- Provided information:
● ● ● ● ● ● ●

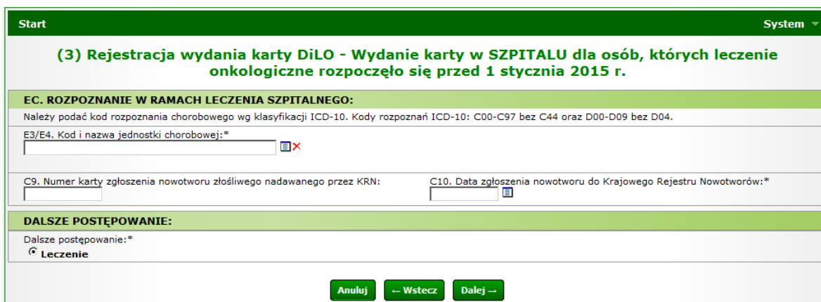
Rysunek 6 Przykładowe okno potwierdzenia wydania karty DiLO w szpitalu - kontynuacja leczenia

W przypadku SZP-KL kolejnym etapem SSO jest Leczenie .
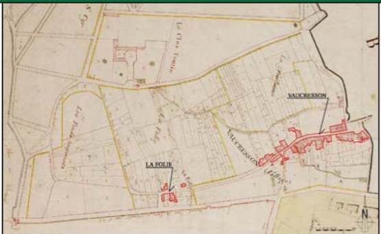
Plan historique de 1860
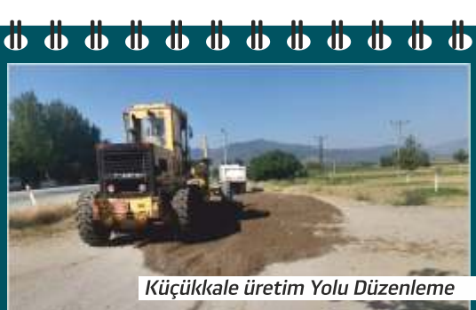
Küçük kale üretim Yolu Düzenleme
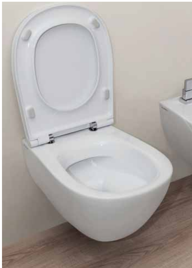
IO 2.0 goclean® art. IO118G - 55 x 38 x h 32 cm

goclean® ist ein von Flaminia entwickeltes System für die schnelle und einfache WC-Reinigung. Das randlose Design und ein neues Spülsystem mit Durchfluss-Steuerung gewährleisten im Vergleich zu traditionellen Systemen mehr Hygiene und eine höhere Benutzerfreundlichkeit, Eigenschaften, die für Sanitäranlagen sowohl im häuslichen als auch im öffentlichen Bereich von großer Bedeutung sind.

● ● ● ● ● ● ●

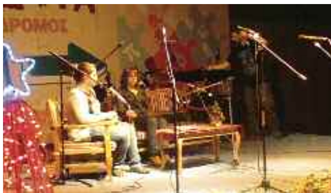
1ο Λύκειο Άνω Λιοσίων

● ● ● ● ● ● ●

- Exercise goal: Each line containing "goclean" belongs in the answer; pick these out of the material and copy them.

- Written answer:
IO 2.0 goclean® art. IO118G - 55 x 38 x h 32 cm
goclean® ist ein von Flaminia entwickeltes System für die schnelle und einfache WC-Reinigung. Das randlose Design und ein neues Spülsystem mit Durchfluss-Steuerung gewährleisten im Vergleich zu traditionellen Systemen mehr Hygiene und eine höhere Benutzerfreundlichkeit, Eigenschaften, die für Sanitäranlagen sowohl im häuslichen als auch im öffentlichen Bereich von großer Bedeutung sind.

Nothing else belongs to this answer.